Ensure all checks pass:

pre-commit run --all-files --verbose

Installation

make install

Example Usage

Below is a light run against a local Ollama instance.

openai-smoke-test git:(main) ✗ .venv/bin/openai-smoketest --api-key ollama --api-base http://localhost:11434/v1 --model granite3.3:8b --num-users 2 --queries-per-user 1
Running queries: 100%|█████████████████████████████████████████████████████████████████████████████████████████████████████████████████████████████████████████████| 2/2 [00:41<00:00, 20.67s/it]

--- SUMMARY REPORT ---
Total Queries: 2
Successful Queries: 2
Failed Queries: 0
+-------------------------+--------+-------+-------+
| Metric                  |   Mean |   P50 |   P90 |
+=========================+========+=======+=======+
| Time to First Token (s) |  18.54 | 18.54 | 28.07 |
+-------------------------+--------+-------+-------+
| Tokens per Second       |   6.47 |  6.47 | 10.25 |
+-------------------------+--------+-------+-------+
Successful

Usage of Inference Test Script

Setup API keys via .env file or env variables

export MY_VENDOR_API_KEY="your-secret-api-key"

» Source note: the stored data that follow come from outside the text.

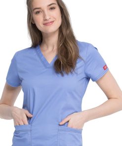 You’ll love the soft and smooth feel of this Gen Flex by Dickies Women’s V-Neck Solid Scrub Top. Contrast top stitching and a bungee loop add extra utility.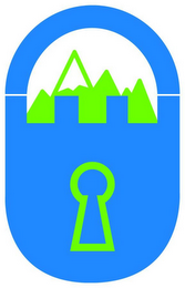The mark consists of a blue oval shape depicting a padlock, with the key hole outlined in green in the middle of the padlock image with a green mountain landscape design with a white snowcap behind the padlock opening on a white background.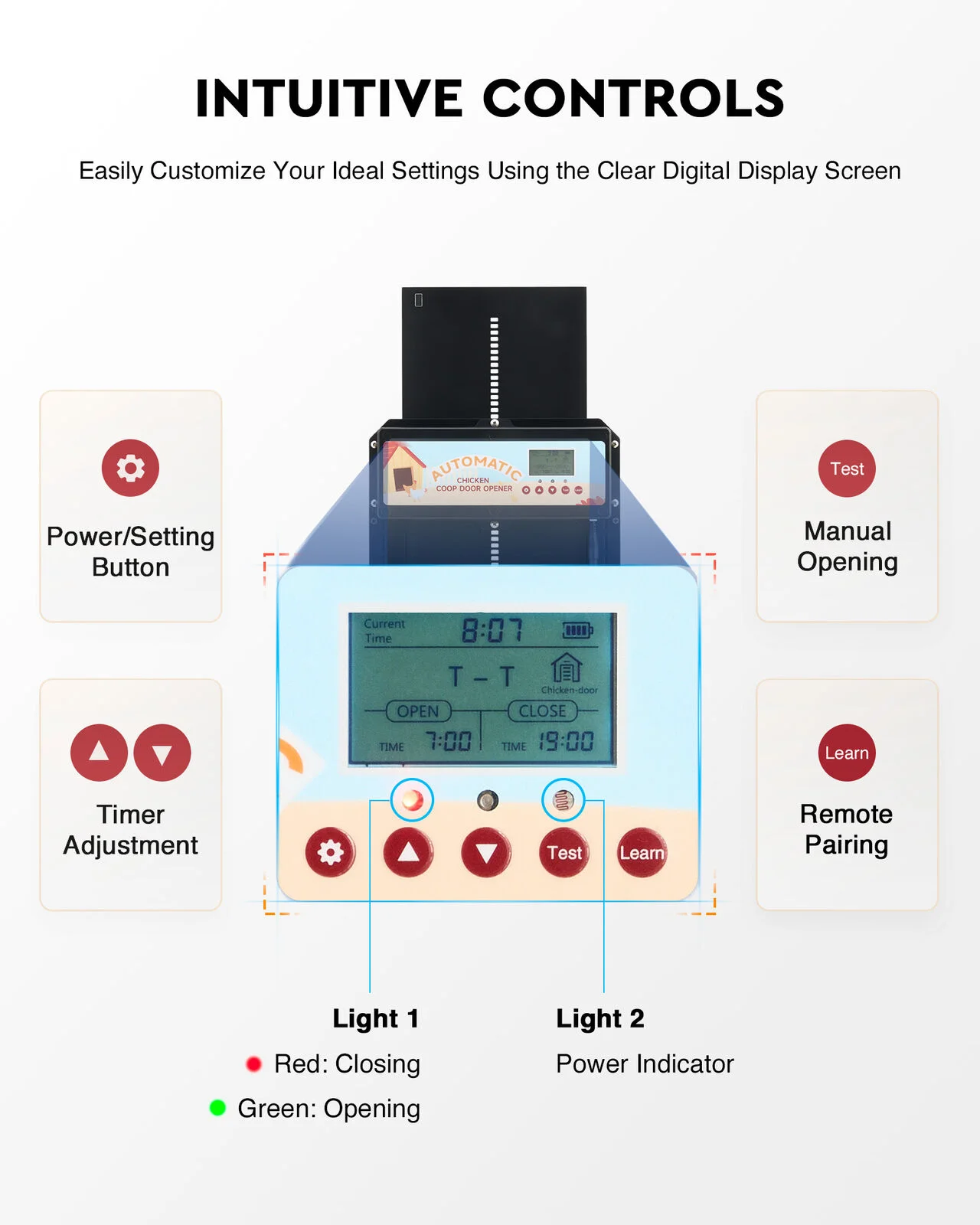 - Enhanced Safety Features: Equipped with an infrared sensor that detects and protects your animals by preventing the door from closing when an obstruction is detected, ensuring the safety of chickens, rabbits, and other small livestock.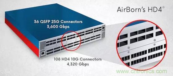 圖12:針對高密度設(shè)計的AirBorn 10GHD4®連接器可在同一托架系統(tǒng)內(nèi)提供比25G QSFP連接器更高的吞吐量,從而實現(xiàn)組件和能源成本節(jié)省。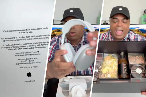 Он показал открытку с приглашением на онлайн-презентацию Apple и другие подарки, включая закуски, напиток и наушники AirPods Max.AirPods Max - это флагманские полноразмерные наушники Apple, вышедшие в 2020 году по цене в $550 (около 51,2 тыс. руб.).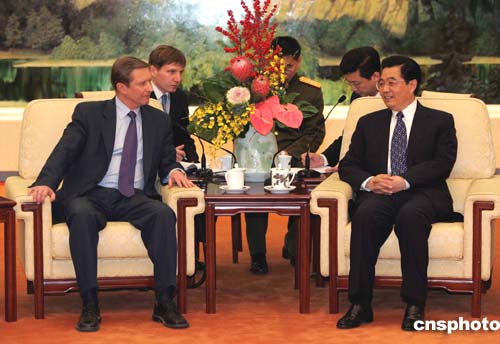 胡錦濤表示,當(dāng)前,中俄兩國(guó)都面臨著維護(hù)和平穩(wěn)定,促進(jìn)共同發(fā)展的任務(wù)。進(jìn)一步深化兩國(guó)的戰(zhàn)略協(xié)作,加強(qiáng)兩國(guó)兩軍在雙邊和上海合作組織等多邊框架內(nèi)的協(xié)調(diào)與合作,共同打擊威脅各國(guó)及地區(qū)安全的恐怖主義等惡勢(shì)力,符合本地區(qū)各國(guó)人民的根本利益。希望雙方共同努力,進(jìn)一步落實(shí)好《<中俄睦鄰友好合作條約>實(shí)施綱要》等一系列雙邊合作文件,推動(dòng)兩國(guó)戰(zhàn)略協(xié)作伙伴關(guān)系不斷向前發(fā)展,為維護(hù)和促進(jìn)地區(qū)及世界的和平、穩(wěn)定與發(fā)展作出新貢獻(xiàn)。

python src/smoke/inference_test.py \
    --model "model-x" \
    --vendor "my_vendor" \
    --feature "summarization" \
    --quality-test-csv "src/smoke/900_sample_goldenfox.csv" \
    --quality-test-csv-column "text" \
    --num-users 1

Usage for Quick Test script

python src/smoke/quick_test.py
python src/smoke/quick_test.py --config PATH-TO-custom-quick_test_multiturn_config.yaml

Summarization Scoring

Below is with added summarization scores, running 5 queries simulatenously:

openai-smoke-test % openai-smoketest --model mistral-small-2503 --num-users 5
Running queries:   0%|                                        | 0/50 [00:00<?, ?it/s]Refreshing Mistral access token from service account...
Token refreshed successfully.
Running queries: 100%|███████████████████████████████| 50/50 [02:00<00:00,  2.41s/it]
--- SUMMARY REPORT ---
Total Queries: 50
Successful Queries: 50
Failed Queries: 0
+-------------------------+--------+-------+-------+
| Metric                  |   Mean |   P50 |   P90 |
+=========================+========+=======+=======+
| Time to First Token (s) |   5    |  5.02 | 10.16 |
+-------------------------+--------+-------+-------+
| Tokens/sec (Per Query)  |  27.94 | 20.13 | 62.95 |
+-------------------------+--------+-------+-------+
| Round trip (s)          |   9.38 |  8.7  | 15.34 |
+-------------------------+--------+-------+-------+

Global Throughput: 17.55 tokens/sec across 468.90 seconds
SUCCESS

--- SCORE REPORT ---
+---------------------+--------+-------+-------+
| Type                |   Mean |   P50 |   P90 |
+=====================+========+=======+=======+
| Rouge 1             |   0.58 |  0.58 |  0.66 |
+---------------------+--------+-------+-------+
| Rouge 2             |   0.31 |  0.3  |  0.42 |
+---------------------+--------+-------+-------+
| RougeLsum           |   0.41 |  0.39 |  0.54 |
+---------------------+--------+-------+-------+
| BLEU                |   0.23 |  0.23 |  0.35 |
+---------------------+--------+-------+-------+
| Unieval consistency |   0.9  |  0.93 |  0.97 |
+---------------------+--------+-------+-------+
| Unieval coherence   |   0.97 |  0.98 |  0.99 |
+---------------------+--------+-------+-------+
| Unieval fluency     |   0.94 |  0.95 |  0.96 |
+---------------------+--------+-------+-------+
| Unieval relevance   |   0.96 |  0.97 |  0.99 |
+---------------------+--------+-------+-------+
| Unieval overall     |   0.94 |  0.95 |  0.97 |
+---------------------+--------+-------+-------+
Num hiccups: 0 --- Percentage of hiccups: 0.0
Overall Score: --- mistral-small-2503: 0.67 ---

(You can also run score_report.py to recompute the reports)

Summarization Config

This table details the configuration options for the summarization and evaluation script, managed in config.yaml.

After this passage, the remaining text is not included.